--- MATERIAL PROVIDED ---
<<<<
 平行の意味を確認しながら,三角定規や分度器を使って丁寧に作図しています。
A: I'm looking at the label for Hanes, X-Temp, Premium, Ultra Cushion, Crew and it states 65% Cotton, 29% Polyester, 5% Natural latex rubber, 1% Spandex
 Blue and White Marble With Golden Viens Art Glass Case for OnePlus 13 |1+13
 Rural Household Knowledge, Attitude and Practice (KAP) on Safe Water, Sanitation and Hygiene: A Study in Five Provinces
>>>>
<<<<
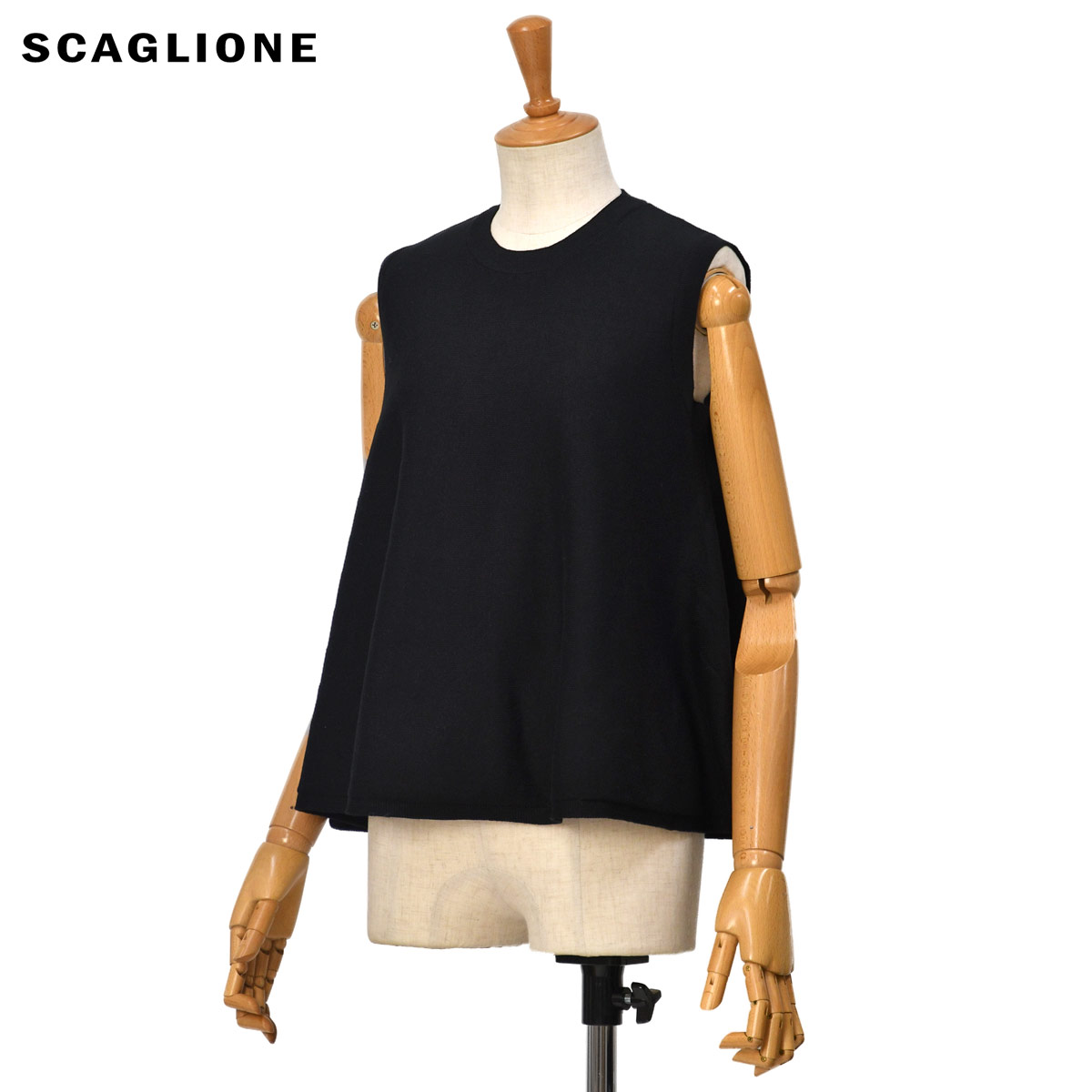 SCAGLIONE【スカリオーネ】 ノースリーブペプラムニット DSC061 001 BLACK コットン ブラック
>>>>
--- ASSIGNED TASK ---
In the listing above, find the line containing "Blue and White" and the line containing "Rural Household Knowledge, Attitude", then quote both, plus every line between them, exactly as written.

--- WRITTEN SOLUTION ---
 Blue and White Marble With Golden Viens Art Glass Case for OnePlus 13 |1+13
 Rural Household Knowledge, Attitude and Practice (KAP) on Safe Water, Sanitation and Hygiene: A Study in Five Provinces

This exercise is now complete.